No light at the end of this tunnel

No light at the end of this tunnel

More than 500 families in Uttara Kannada district live in utter darkness

No light at the end of this tunnel

Having six huge reservoirs, the Kali river basin contributes a major share to hydel power production in the State. It would have been safe to presume then that villages around the birthplace of Kali river get adequate power supply. On the contrary, they have not been electrified even to this day.

Situated in the dense forests of Western Ghats, not a single village in Bazarkunang gram panchayat limits in the backward Joida taluk of Uttara Kannada district has the luxury of power supply from the grid. To add to the misery, most even lack proper road connectivity and literally become islands during the rainy season, cutting them off from the rest of the world.

Bazarkunang village is around 80 km from the taluk headquarters. More 500 families live villages under the gram panchayat limits. Even the solar lamps provided by the State government and not-for profit organisations to some of the villages have gone defunct.

Bazarkunang is connected by road to Castle Rock (20 km) but villages like Diggi, Asulli, Karanje and Padshet remain cut-off in the rainy season. In summer, travel to these hamlets is possible by to jeeps.

Situated close to the Goa border, the region is a paradise for nature lovers but the villagers have been deprived of even the most basic facilities. They have to walk 15 km to reach Bazarkunang to catch a halting bus from Castle Rock. To see a doctor, they have to visit Castle Rock or Ramnagar.

Farming main occupation

Agriculture is the main occupation of the people and paddy the major crop. Konkani and Marathi are mostly widely spoken. As the area falls under the Dandeli-Anshi Tiger Reserve, wild animals often damage crops. As a result, many villagers prefer to work in Goa.

At Kindale, a hamlet about three km from Bazarkunang, the lone solar streetlight has become defunct, and kerosene lamp is the only source of light. Like other villages nearby, the road becomes non-motorable when it rains.

Temporary wooden bridges have been erected so that villagers can cross the streams flowing across the bumpy road. While Castle Rock is the nearest town, villagers have to walk to reach the taluk headquarters.

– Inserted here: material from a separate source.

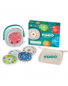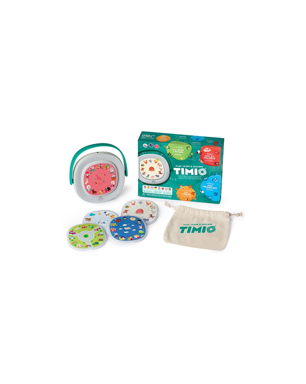 TIMIO est un lecteur audio et de musique sans écran pour les enfants de 2 à 8 ans. Contient 8 langues: néerlandais, anglais, espagnol, allemand, français, chinois, italien, portugais (Br). Contient plus de 40 heures de contenu activé par des disques magnétiques: vocabulaire, histoires, chansons, etc. L'appareil dispose d'une connexion casque, a 3 niveaux de volume et n'a pas besoin d'Internet ou du WiFi. Pour utiliser l'appareil, vous avez besoin de 3 piles AA. L'appareil s'éteint automatiquement après 10 minutes. Il y a 5 audio discs dans cette Startet Pack. Chants, petites histoires, véhicules, berceuses et animaux de la ferme.

“If someone takes ill, we have to carry them up to Bazarkunang where we can arrange a vehicle,” Arun S Gavade, a resident said. “The authorities say the thick forest is a hurdle in laying electricity lines or in building good roads. We don’t know when our wait for basic facilities would end.”

Nonetheless, the villagers have adjusted themselves to such a lifestyle. They are not worried about walking long distances. Heavy rains do not bother them. They are not afraid of wild animals, leeches or the dense forests. Most people have not even thought of relocating, another resident said.

Bazarkunang has a lower primary school. But students have to stay at hostels in Castle Rock or Ramnagar for further studies.

“Most solar lights installed in our village don’t work. Even the one in the school is defunct. After manganese mines were closed here in the late 1990s, people have started migrating to Goa. They come here only for a couple of months every year,” said Suresh Savanth, a resident of Bazarkunang.


Of around 3,800 families of forest dwellers in the Dandeli-Anshi Tiger Reserve (DATR), only 580 have volunteered for evacuation. The DATR has urged the Union government to provide Rs 50 crore for the purpose.

DATR Director B B Mallesha told Deccan Herald that no forest dwellers would be evacuated forcibly. People from small villages would be evacuated first.

“Each family would get Rs 10 lakh as compensation when the Centre releases the funds. As Uttara Kannada district has 80 per cent of forest cover, revenue land is hardly available. If the forest dwellers have to be relocated, the State government should provide land,” he said. The government would decide on developing roads and supplying power to the villages inside the forest, Mallesha  added.